He don't like the grapple and don't like the old bowline, he is a faller, oh well. He is real good guy though, straight shooter, I miss working for him. I think he is working the coast. Western is going under? Holy F. That will mean the old M&B gets split up. Its a sad time for logging here, worse ever.


----------



## 1I'dJak (Oct 1, 2008)

well I don't know for sure if it is...but i think they got too big and have too much overhead to roll with the lean times...basically I could see them either selling off some unprofitable divisions or just going the way timberwest did and contracting out all phases of logging...or i could be wrong...just my gut feeling... guilty of thread hijaking....I don't even think they do any single stem down in the states....couple guys I knew gave a demo in washington state and I think all the US loggers thought it was kinda loony...


----------



## clearance (Oct 1, 2008)

1I'dJak said:


> well I don't know for sure if it is...but i think they got too big and have too much overhead to roll with the lean times...basically I could see them either selling off some unprofitable divisions or just going the way timberwest did and contracting out all phases of logging...or i could be wrong...just my gut feeling... guilty of thread hijaking....I don't even think they do any single stem down in the states....couple guys I knew gave a demo in washington state and I think all the US loggers thought it was kinda loony...

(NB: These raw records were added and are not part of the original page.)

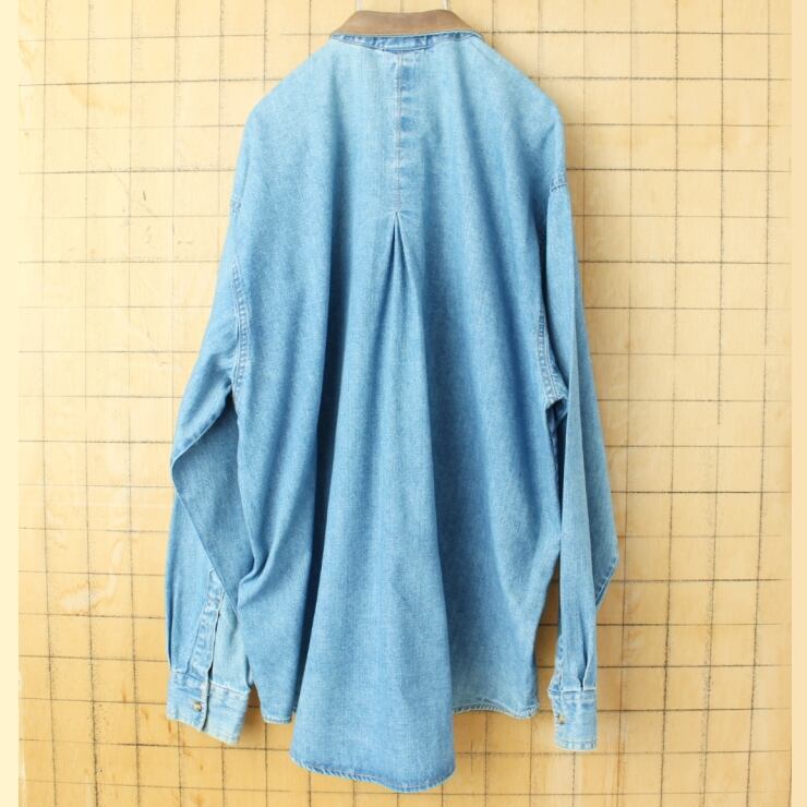90s USA DOCKERS ドッカーズ 襟レザー 長袖デニムシャツ レディースL ブルー アメリカ古着 011426aw13
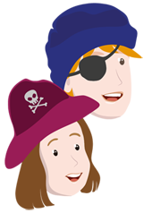 Zwei Piratenkinder (Junge mit Augenbinde, Mädchen mit Piratenhut)
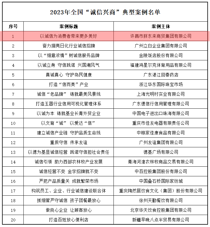 近日,从全国“诚信兴商宣传月”启动仪式上,许昌市胖东来商贸集团有限公司《以诚信为消费者带来更多美好》案例入选全国“诚信兴商”20个典型案例,并位居榜首,是河南省唯一入选的百货零售企业。在2023年河南省“诚信兴商宣传月”活动举办启动仪式上,胖东来商贸集团有限公司介绍了企业七大“诚信之道”。第一、尊重、关爱、成就员工
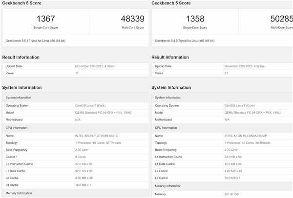 GeekBench数据库里浮现了至强铂金8558P、至强铂金8551C,均为48核心96线程,然而缓存容量 鉴别有误,三级缓存应该有260MB而不是16MB 。
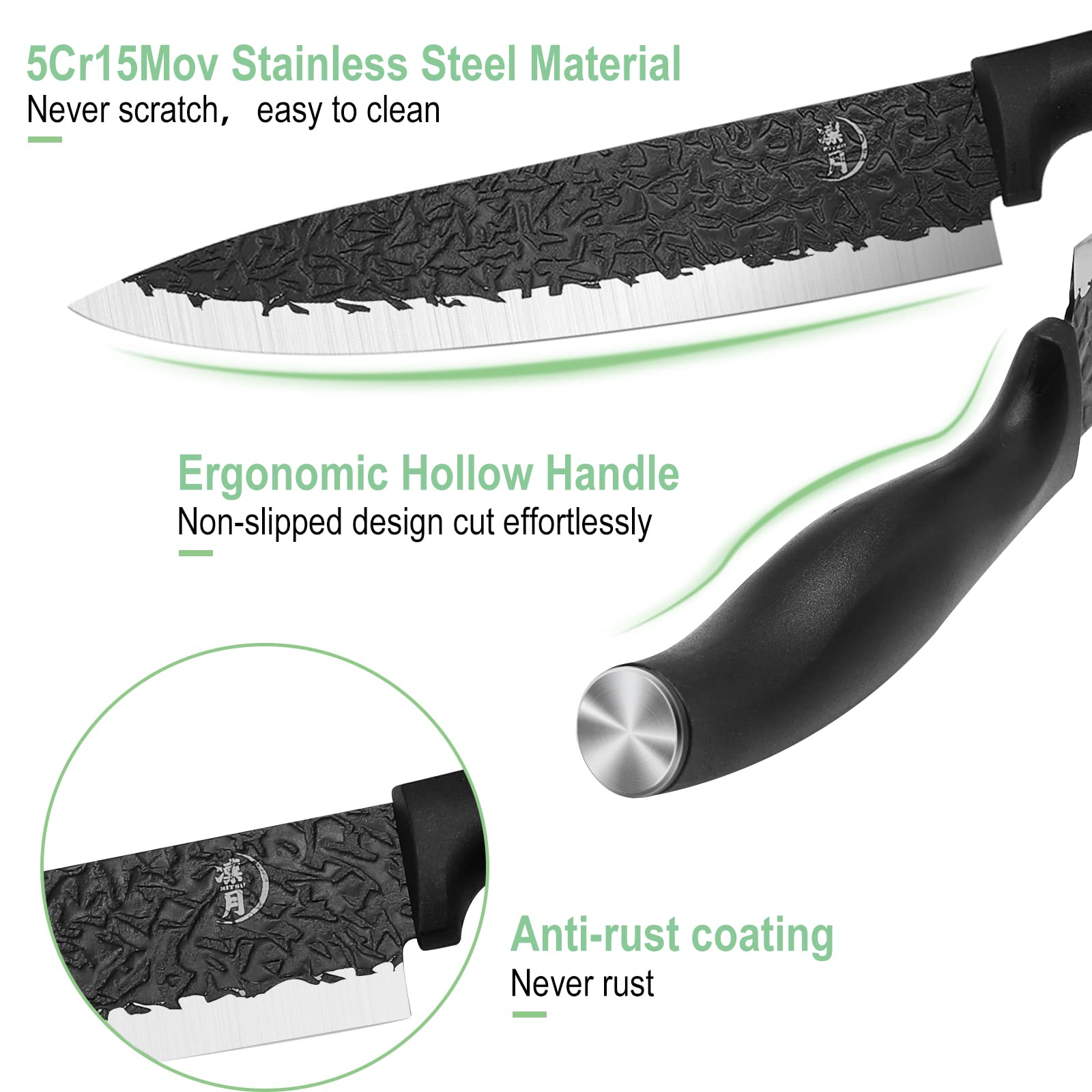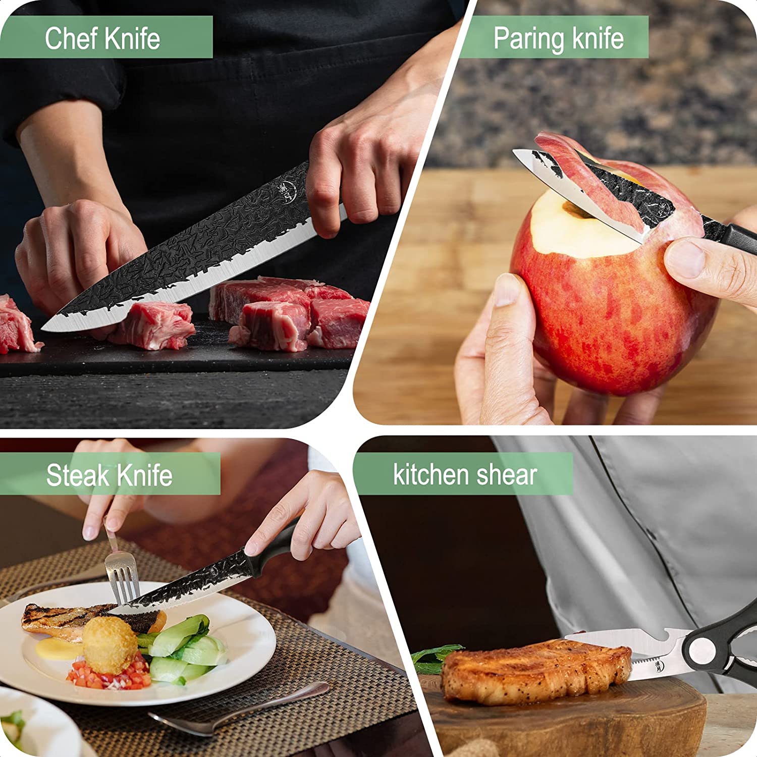 【Effortless & Safe Knife Set】The blade has hammered forged, nonstick black coating helps prevent food from sticking to the blade for faster, easier cutting. This ultra sharp knife can be used for your daily kitchen tasks of chopping, slicing, dicing, and mincing all kinds of meat, vegetables, fruits, bread and paring.

Do doubt, the loggers that saw us windfirming thought we were nuts. Probably thought that they would be asked to climb up there. Ain't gonna happen.


----------



## Mike Van (Oct 2, 2008)

I spent 35 years as a power co. lineman before I retired. The last 20, I was more worried about getting hit by a car than burned in the air. Heading into the woods today, 60+ nice locust to cut & pull out. There is no way, no how you'd get me on a crab boat at 57. If the tractor craps out today, I can walk home. If the boat did, well you know............


----------



## 056 kid (Oct 2, 2008)

Not trying to be disrespectful at all!
Fishing is defiantly a tough job.


----------



## Zackman1801 (Oct 2, 2008)

its really too bad they dont have any logging shows about the east coast guys, or even guys in the middle of the country. I wouldent doubt there are people who think that logging only goes on, on the west coast.


----------



## forestryworks (Oct 2, 2008)

Zackman1801 said:


> its really too bad they dont have any logging shows about the east coast guys, or even guys in the middle of the country. I wouldent doubt there are people who think that logging only goes on, on the west coast.



if they do, they live under a rock


----------



## Zackman1801 (Oct 2, 2008)

ive actually heard people say that they thought maine was a part of canada before. anything is possible.


----------



## Humptulips (Oct 4, 2008)

1I'dJak said:


> well I don't know for sure if it is...but i think they got too big and have too much overhead to roll with the lean times...basically I could see them either selling off some unprofitable divisions or just going the way timberwest did and contracting out all phases of logging...or i could be wrong...just my gut feeling... guilty of thread hijaking....I don't even think they do any single stem down in the states....couple guys I knew gave a demo in washington state and I think all the US loggers thought it was kinda loony...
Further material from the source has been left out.